Voices from Industry

The dawn of a new era for Ontario mining

By M. Gravelle


An exciting new era for mineral development in Ontario may be at hand with the passage of Bill 173, the act that modernizes Ontario’s current Mining Act. If passed, it would be the result of one of the most extensive consultations undertaken by an Ontario government and will set the foundation for a business climate that promotes sustainable mineral development and community engagement.

From the onset of Mining Act modernization deliberations in August 2008, the hallmark of our effort has been extensive dialogue and collaboration with our stakeholders and Aboriginal communities and organizations. We went to great lengths to ensure that as many stakeholders and Aboriginal groups as possible expressed their points of view. Those consultations stirred a very healthy debate and encouraged the exchange of a lot of information. Most importantly, they fostered much greater understanding of everyone’s respective issues and concerns.

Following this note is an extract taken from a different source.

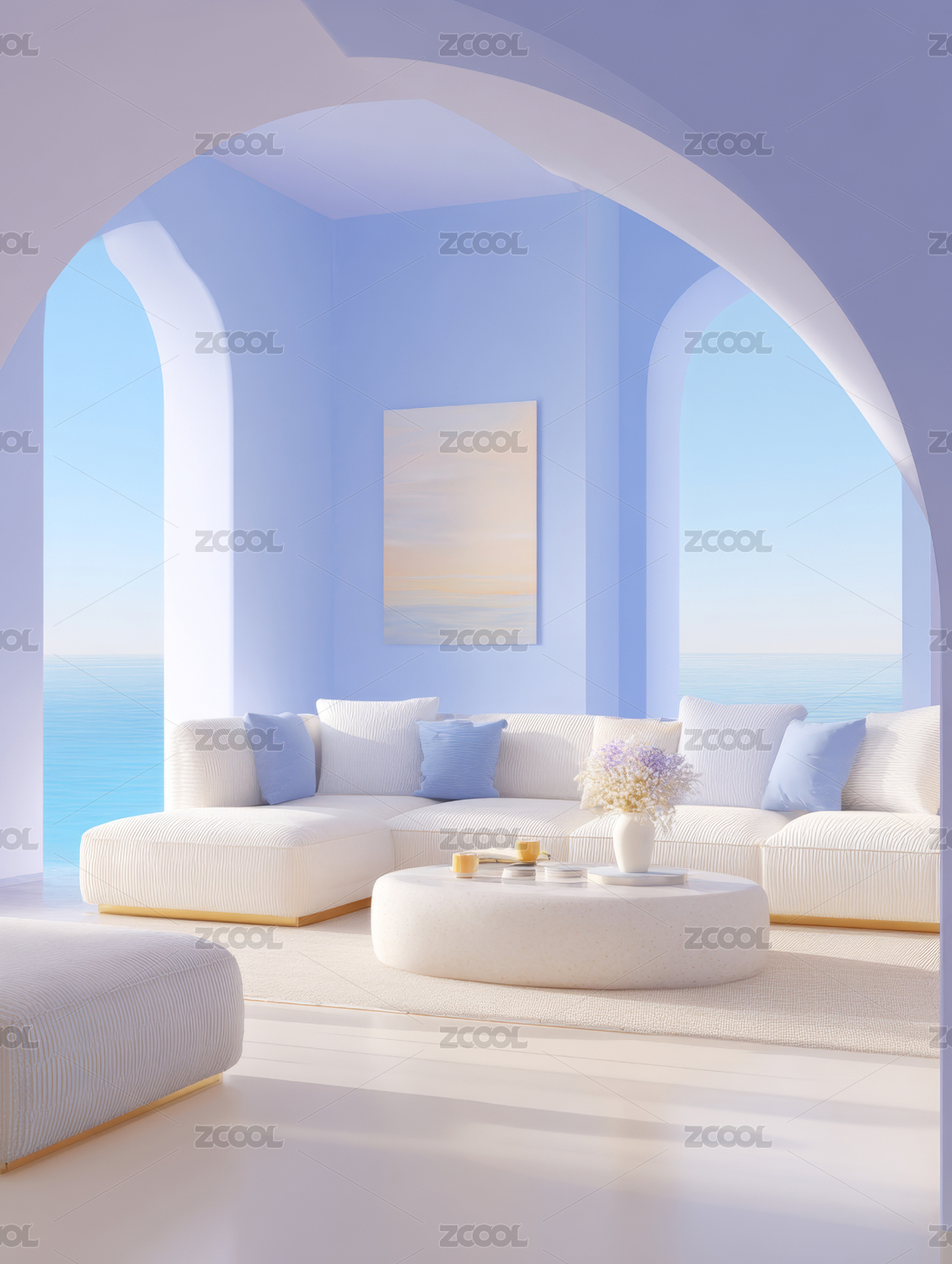 白色,浅蓝色,大圆形拱门,房间,拱门,开放式阳台,阳台,白色沙发,沙发,抱枕

Ultimately, this resulted in draft legislation that has been hailed as modern, balanced and equitable. A first in Canadian mining legislation, our proposed Mining Act would recognize Aboriginal and treaty rights and provide a process for dispute resolution related to Aboriginal consultation. It would address issues related to surface rights versus mineral rights. It links mining development to the development of land use plans in Ontario’s Far North. It would also bring clarity and certainty for the mining industry.

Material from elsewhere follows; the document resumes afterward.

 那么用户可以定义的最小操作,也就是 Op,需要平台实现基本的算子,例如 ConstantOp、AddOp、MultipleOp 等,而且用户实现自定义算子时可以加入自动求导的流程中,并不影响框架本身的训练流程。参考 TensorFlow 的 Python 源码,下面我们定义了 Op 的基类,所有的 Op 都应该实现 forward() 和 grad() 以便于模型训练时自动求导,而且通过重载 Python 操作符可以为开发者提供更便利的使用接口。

If Bill 173 is passed, our consultations with stakeholders would continue as we proceed with developing the regulations that would support the new Mining Act. We are working together to shape legislation that would promote sustainable development in a way that respects the environment, communities and individuals.

In our view, the Mining Act must reflect changes in the mining industry and the expectations of society. Mining and societies are nothing if not dynamic.

Globalization, technological advances and stakeholder expectations are dictating a permanent state of redefinition and rising expectations for the mining sector in Ontario and around the world. As the industry is redefined, so too must be the legislation governing it.

The stakes for not moving with the times are simply too high. Mining is, and will continue to be, one of Ontario’ economic pillars. We are still Canada’s largest producer of non-fuel minerals, accounting for 24 per cent of the national total in 2008, with an approximate value of about $9.6 billion. We rank among the top 10 global producers of platinum, nickel and cobalt, and among the top 20 producers of gold, silver, copper and zinc. We have joined the select group of jurisdictions that produce diamonds with the opening of the De Beers Victor diamond mine near Attawapiskat.

The mining sector is a significant economic driver that employs 75,000 Ontarians directly and indirectly. While a global recession has diminished commodity prices and slowed mineral development activity, we believe that the long-term prospects for commodities remain very strong and that Ontario’s mineral industry will survive, thrive and prosper.

As nations around the world advance, the need for minerals will increase. Ontario will continue to be a global supplier of many different minerals. In our view, the question is not whether or not mining will be done in Ontario but how it will be done.

The updated Mining Act, if passed, would reflect the realities and expectations of Ontarians in the 21st century. By getting the Mining Act right, we are ensuring that Ontario remains one of the best places in the world for mineral exploration and mining investment.

Michael Gravelle is the Ontario Minister of Northern Development, Mines and Forestry.